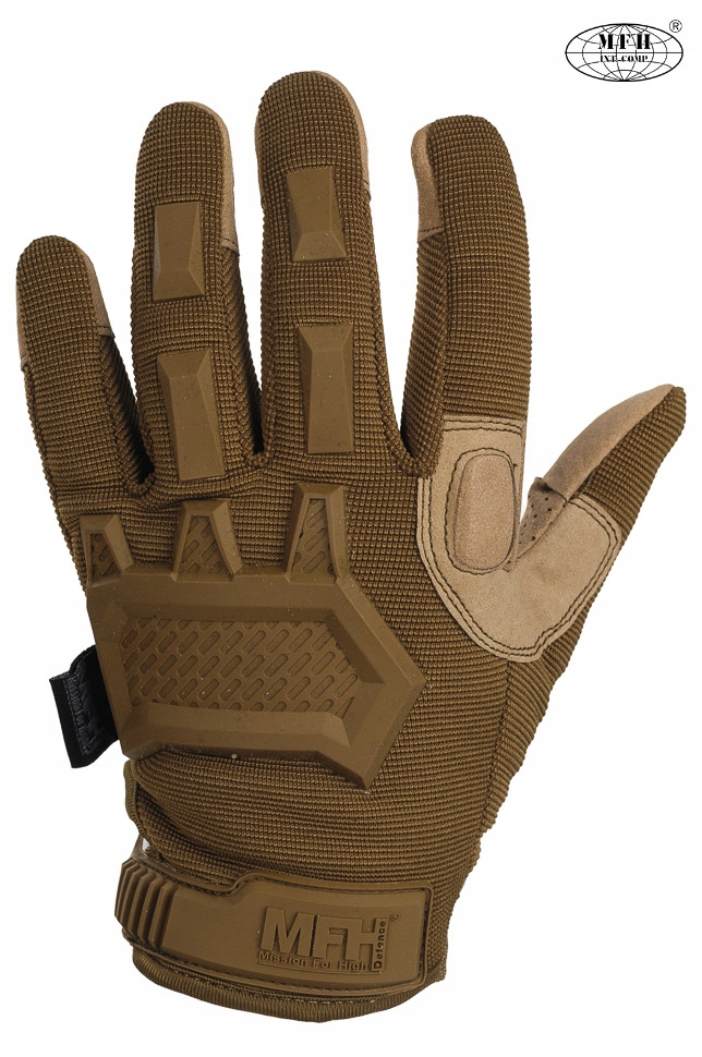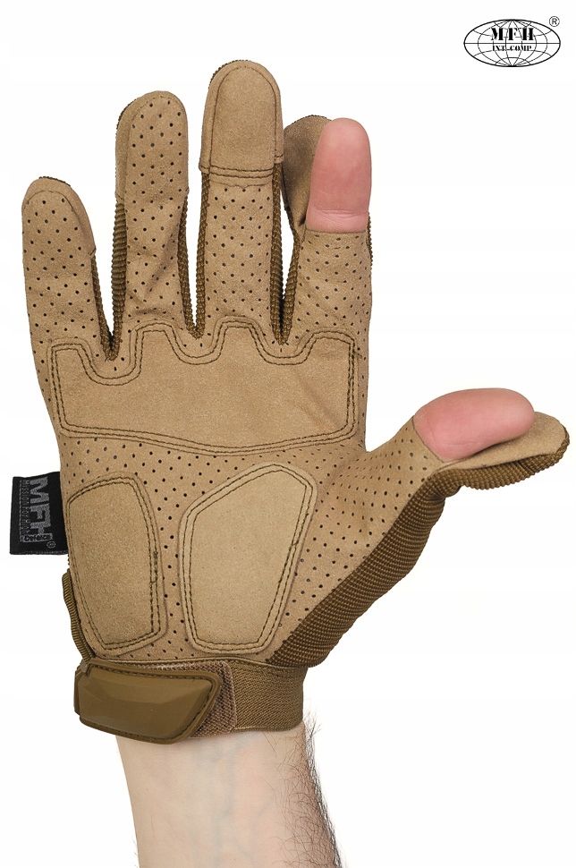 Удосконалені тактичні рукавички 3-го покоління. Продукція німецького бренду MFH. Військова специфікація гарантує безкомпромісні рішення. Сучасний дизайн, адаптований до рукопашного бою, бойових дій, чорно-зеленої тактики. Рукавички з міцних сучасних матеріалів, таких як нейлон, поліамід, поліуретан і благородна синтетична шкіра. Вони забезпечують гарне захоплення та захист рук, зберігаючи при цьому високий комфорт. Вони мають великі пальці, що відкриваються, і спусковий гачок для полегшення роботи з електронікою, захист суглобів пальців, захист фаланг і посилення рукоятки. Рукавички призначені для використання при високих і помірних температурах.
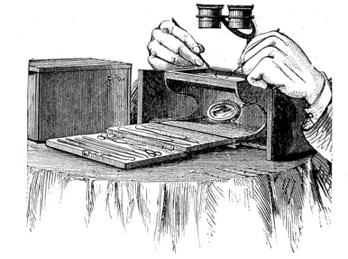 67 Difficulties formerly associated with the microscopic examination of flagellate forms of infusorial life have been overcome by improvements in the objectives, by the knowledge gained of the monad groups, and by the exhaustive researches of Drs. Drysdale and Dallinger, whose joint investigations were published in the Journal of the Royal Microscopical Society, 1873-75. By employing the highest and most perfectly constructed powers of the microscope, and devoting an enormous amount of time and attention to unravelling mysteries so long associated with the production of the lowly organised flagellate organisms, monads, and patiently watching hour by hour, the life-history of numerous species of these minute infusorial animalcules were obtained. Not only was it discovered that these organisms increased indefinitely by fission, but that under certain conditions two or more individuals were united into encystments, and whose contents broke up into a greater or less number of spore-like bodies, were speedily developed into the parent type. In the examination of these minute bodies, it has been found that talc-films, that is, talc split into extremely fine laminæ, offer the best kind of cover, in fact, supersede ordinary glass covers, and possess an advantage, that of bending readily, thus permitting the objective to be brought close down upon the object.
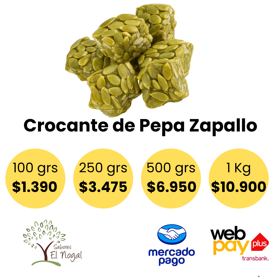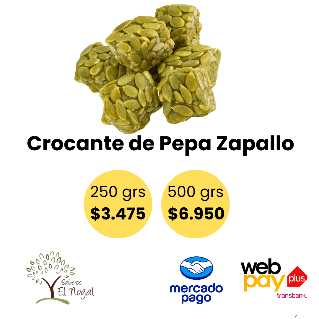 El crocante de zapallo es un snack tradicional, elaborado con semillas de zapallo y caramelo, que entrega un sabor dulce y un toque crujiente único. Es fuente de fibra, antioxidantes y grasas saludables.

------------------------------

**Exercise aim:**
All lines from the beginning of the material above through the line holding "67 Difficulties formerly" are to be given again exactly, and no others; pictures do not go in.

**Exercise output:**
 Удосконалені тактичні рукавички 3-го покоління. Продукція німецького бренду MFH. Військова специфікація гарантує безкомпромісні рішення. Сучасний дизайн, адаптований до рукопашного бою, бойових дій, чорно-зеленої тактики. Рукавички з міцних сучасних матеріалів, таких як нейлон, поліамід, поліуретан і благородна синтетична шкіра. Вони забезпечують гарне захоплення та захист рук, зберігаючи при цьому високий комфорт. Вони мають великі пальці, що відкриваються, і спусковий гачок для полегшення роботи з електронікою, захист суглобів пальців, захист фаланг і посилення рукоятки. Рукавички призначені для використання при високих і помірних температурах.
 67 Difficulties formerly associated with the microscopic examination of flagellate forms of infusorial life have been overcome by improvements in the objectives, by the knowledge gained of the monad groups, and by the exhaustive researches of Drs. Drysdale and Dallinger, whose joint investigations were published in the Journal of the Royal Microscopical Society, 1873-75. By employing the highest and most perfectly constructed powers of the microscope, and devoting an enormous amount of time and attention to unravelling mysteries so long associated with the production of the lowly organised flagellate organisms, monads, and patiently watching hour by hour, the life-history of numerous species of these minute infusorial animalcules were obtained. Not only was it discovered that these organisms increased indefinitely by fission, but that under certain conditions two or more individuals were united into encystments, and whose contents broke up into a greater or less number of spore-like bodies, were speedily developed into the parent type. In the examination of these minute bodies, it has been found that talc-films, that is, talc split into extremely fine laminæ, offer the best kind of cover, in fact, supersede ordinary glass covers, and possess an advantage, that of bending readily, thus permitting the objective to be brought close down upon the object.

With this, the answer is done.